---- DATA RECORDS

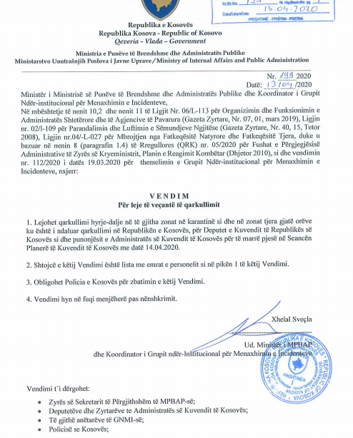 Zëvendësministri në detyrë i Punëve të Brendshme, Xhelal Sveçla, ka nënshkruar të hënën vendimin për leje të veçantë të qarkullimit me të cilin pajis me leje deputetët që do të marrin pjesë nesër në seancën e Kuvendit. Leja e lëshuar nga Sveçla vjen pas masave të reja nga Ministria e Shëndetësisë për kufizim të lëvizjes së qytetarëve që u vlerësua përsëri antikushtetuese nga njohës të sistemit kushtetues.
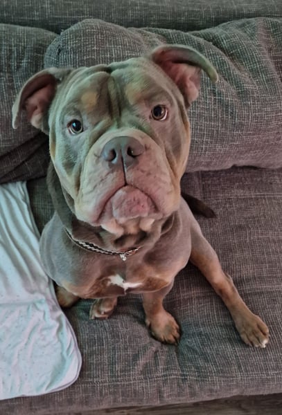 Unser Dobby ist ein 4 Jahre alter, reinrassiger Old English Bulldoggen-Rüde, unkastriert, geimpft und gechipt.
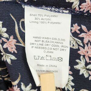 This top is in excellent condition. Very clean. There is one really tiny spot on the back that I did not try to clean. Outer shell is pink cable knit sweater, lining is dark blue floral polyester. The sides of the liner have ties below the sweater.
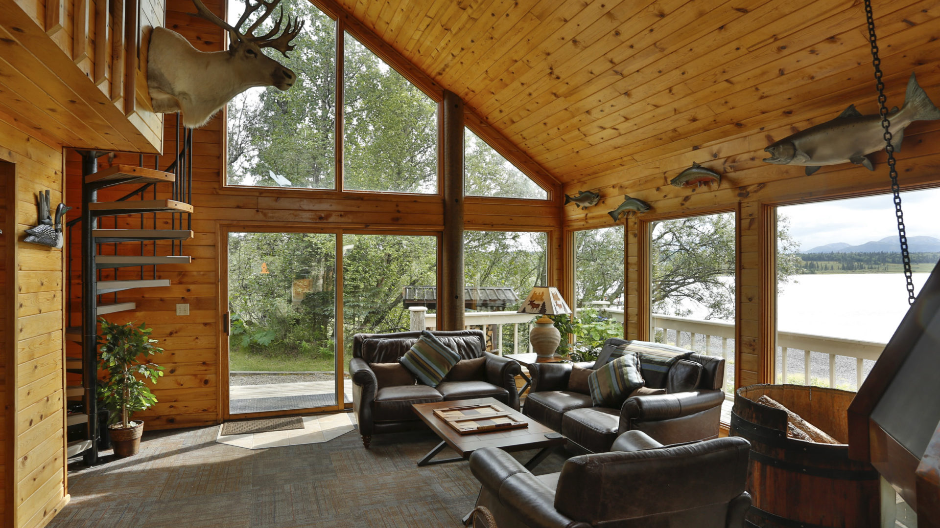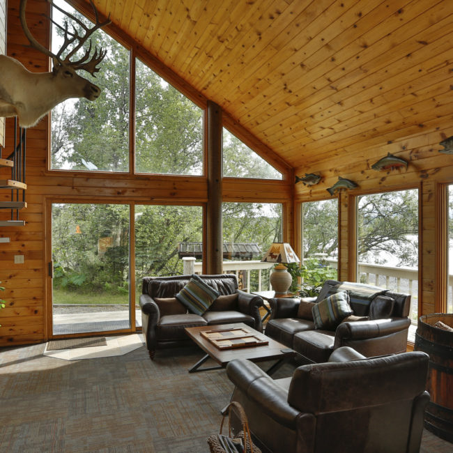 Our beautiful, modern lodge boasts large bay windows framing stunning views of the lake and mountains beyond. This is a rugged immense land of startling beauty – a great place to just step out of everyday pressures and relax.
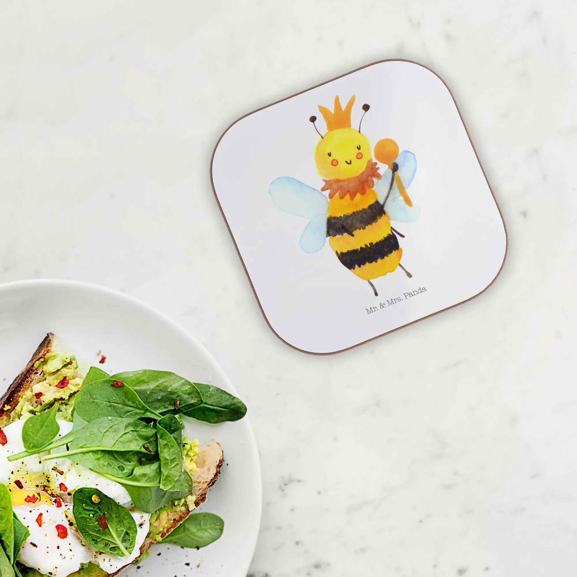 Wenn du nach dem perfekten Geschenk suchst, das sowohl stilvoll als auch praktisch ist, dann sind die Untersetzer "Biene König" von Mr. & Mrs. Panda genau das Richtige! Mit einem bezaubernden Motiv, das eine süße Biene mit Zepter und Krone zeigt, bringen diese quadratischen Untersetzer einen Hauch von Freude und Kreativität in dein Zuhause. Die Untersetzer sind nicht nur dekorativ, sie schützen außerdem deine Tischoberflächen vor unschönen Abdrücken, Kratzern und extremen Temperaturen. Genieße deine Getränke, ohne dir Sorgen machen zu müssen!
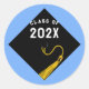 Classe de "25 selos de envelopes de graduação, etiquetas a favor de partidos e etiquetas a favor de formandos com boné preto com fita de ouro sobre fundo azul claro. Editar texto para personalizar.
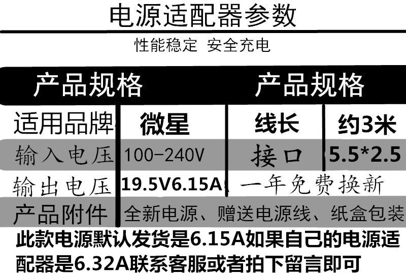 MSI Microstar GE60 GE70 Computer Power Supply Laptop Computer Charger 19V 6 32A 6 15A Line
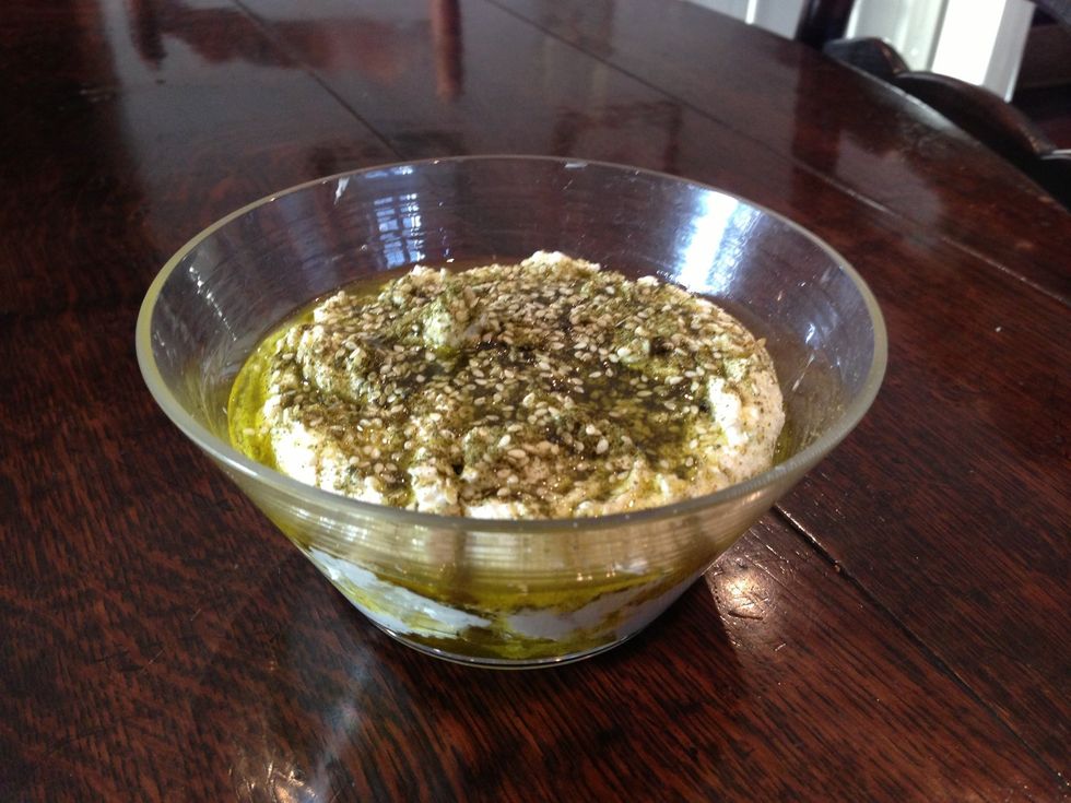 With a fork flatten down slightly the Labeneh and then sprinkle on Za'tar.
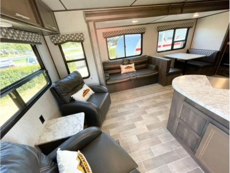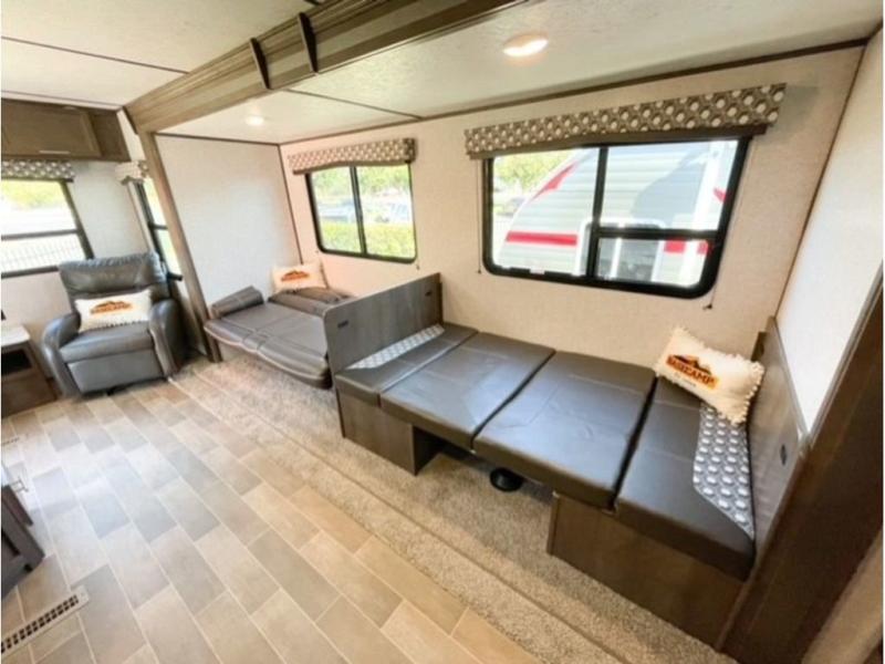 Each Coleman Lantern model by Dutchmen provides amenities and value beyond your imagination. With conveniences such as the thermoformed countertops in the kitchen, a Rest Easy mattress, Everwear luxury furniture, and a solar power charging connection, it is no wonder that the Coleman Lantern is the choice of many outdoor enthusiasts. The under-bed storage is also a fantastic feature because it allows you to keep your belongings safely tucked away and out of sight. The campground awaits you and your family, so get out there in your new Coleman Lantern Series!

--------

PROBLEM DETAILS >> Give back exactly the lines from the first line of the data through the line with "This top is", pictures excluded.

YOUR SOLUTION >>
 Zëvendësministri në detyrë i Punëve të Brendshme, Xhelal Sveçla, ka nënshkruar të hënën vendimin për leje të veçantë të qarkullimit me të cilin pajis me leje deputetët që do të marrin pjesë nesër në seancën e Kuvendit. Leja e lëshuar nga Sveçla vjen pas masave të reja nga Ministria e Shëndetësisë për kufizim të lëvizjes së qytetarëve që u vlerësua përsëri antikushtetuese nga njohës të sistemit kushtetues.
 Unser Dobby ist ein 4 Jahre alter, reinrassiger Old English Bulldoggen-Rüde, unkastriert, geimpft und gechipt.
 This top is in excellent condition. Very clean. There is one really tiny spot on the back that I did not try to clean. Outer shell is pink cable knit sweater, lining is dark blue floral polyester. The sides of the liner have ties below the sweater.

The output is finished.